Would you lie to enroll your child in a better school system?
AJC education reporter Rose French recently wrote about a crackdown by metro Atlanta districts on students who fraudulently attend schools outside their legal enrollment zones.
I am aware of several past cases in Decatur, which is among the districts resorting to hiring someone to monitor enrollment fraud. I have heard of people “renting” rooms from a Decatur homeowner to establish residency. I know people who used their own parents’ or grandparents’ addresses, sometimes even transferring legal guardianship. There was a highly publicized case a few years back of a business owner using his Decatur business address to enroll his kids.
Credit: Maureen Downey
Credit: Maureen Downey
Few systems criminally prosecute, preferring to send the kids back to their home schools. It became national news in 2011 when an Ohio district chose to do so and mother Kelley Williams-Bolar earned brief jail time for using her father's address and forging documents to enroll her daughters in a higher performing district. (Ohio Gov. John Kasich reduced her sentence of 10 days of jail time.)

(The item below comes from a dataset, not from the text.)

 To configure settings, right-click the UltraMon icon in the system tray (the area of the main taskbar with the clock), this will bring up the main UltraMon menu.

Last year, the AJC reported a fourth of the Grady High School team used false addresses or forged documents to play on the team and attend the school with the complicity of some APS employees. An APS investigation concluded 14 students who played on the team didn't live in the Midtown Atlanta school's enrollment area and had to withdraw from Grady. The Georgia High School Athletic Association put Grady on probation for a season, made it forfeit its victories and barred it from the 2014 state playoffs.
According to French:
It costs Georgia school systems roughly $8,000 to $13,000 to educate each student. Local property taxes supply part of that cost, but districts don't get that property-tax revenue for students who actually live elsewhere. Atlanta Public Schools pegs the cost to taxpayers for students who reside outside the city of Atlanta, for example, at $11,379.
The city of Decatur's school board recently approved hiring a full-time staff member to monitor enrollment fraud, with officials investigating 120 to 160 students per year suspected of lying about their residency to attend the fast-growing, high-performing school system. About 30 are asked to leave each year. However, officials believe a lot more are likely to be attending illegally.

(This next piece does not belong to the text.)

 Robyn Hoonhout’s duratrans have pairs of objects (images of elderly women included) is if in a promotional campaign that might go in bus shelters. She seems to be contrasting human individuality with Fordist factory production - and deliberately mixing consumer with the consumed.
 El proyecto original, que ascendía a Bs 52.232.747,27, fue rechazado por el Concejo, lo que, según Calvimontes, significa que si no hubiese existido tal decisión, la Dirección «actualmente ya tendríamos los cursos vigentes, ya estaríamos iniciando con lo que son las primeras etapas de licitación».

In Fulton, school board members have made proof-of-residency requirements more stringent. Fulton reviews more than 150 cases each year, officials say. Fulton and Atlanta have hired residency police officers who investigate enrollment fraud, and APS is considering more ways to eliminate it, school officials say.

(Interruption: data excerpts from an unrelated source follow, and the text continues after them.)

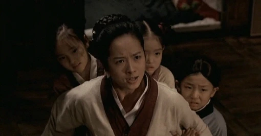 계백의 칼을 막아서는 계백의 부인, <황산벌, 2003>
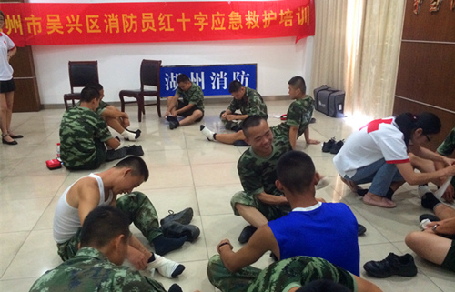 为增强消防官兵在救援行动中的应急救护能力,全力做好护航G20、服务G20峰会工作,近期,湖州市红十字会联合市公安消防支队,对全市173名一线消防官兵开展应急救护技能培训。培训按照“统一教学大纲、统一教材课件、统一质量标准、统一考核发证”的“四统一”要求,采取市、县(区)联动形式进行开展,在讲授红十字运动基本知识、救护概论、心肺复苏术、AED使用、创伤救护基本技能、气道异物梗阻等常规知识外,还特别针对消防行业的特点,重点讲解了突发事件、意外伤害的现场避险逃生与自救互救技能。通过理论和实操考核的消防官兵获得了《浙江省红十字会救护员证》。
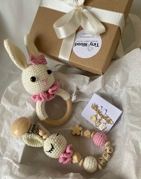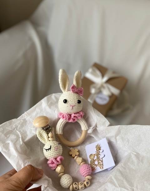Organik iplerle örülen amigurumi tavşan çıngırak, bebeğin adına özel emzik zinciri ve altın kaplama maşallah iğnesi, şık bir kraft hediye kutusunda özenle sunulur.

Education observers say the practice underscores the desperation felt by many parents, who want their children to attend higher-performing schools but may not be able to buy a house or live in more affluent neighborhoods with higher property taxes that typically have better schools.
"What you have are parents who happen to live adjoining to one of these quality school systems, and they want the best for their children, and they can't afford it, " said Dan Domenech, executive director for the national School Superintendents Association. "So what they do is try to figure out a way to get their child into that school system. Maybe they have an aunt or an uncle or a relative and they use that address as a way to get that child in the school system. But the child doesn't actually live there.
"In a way, you can't blame parents for wanting the best for their kids, " he added. "But at the same time, you have to understand it is theft of service. They are trying to get something for nothing in a way."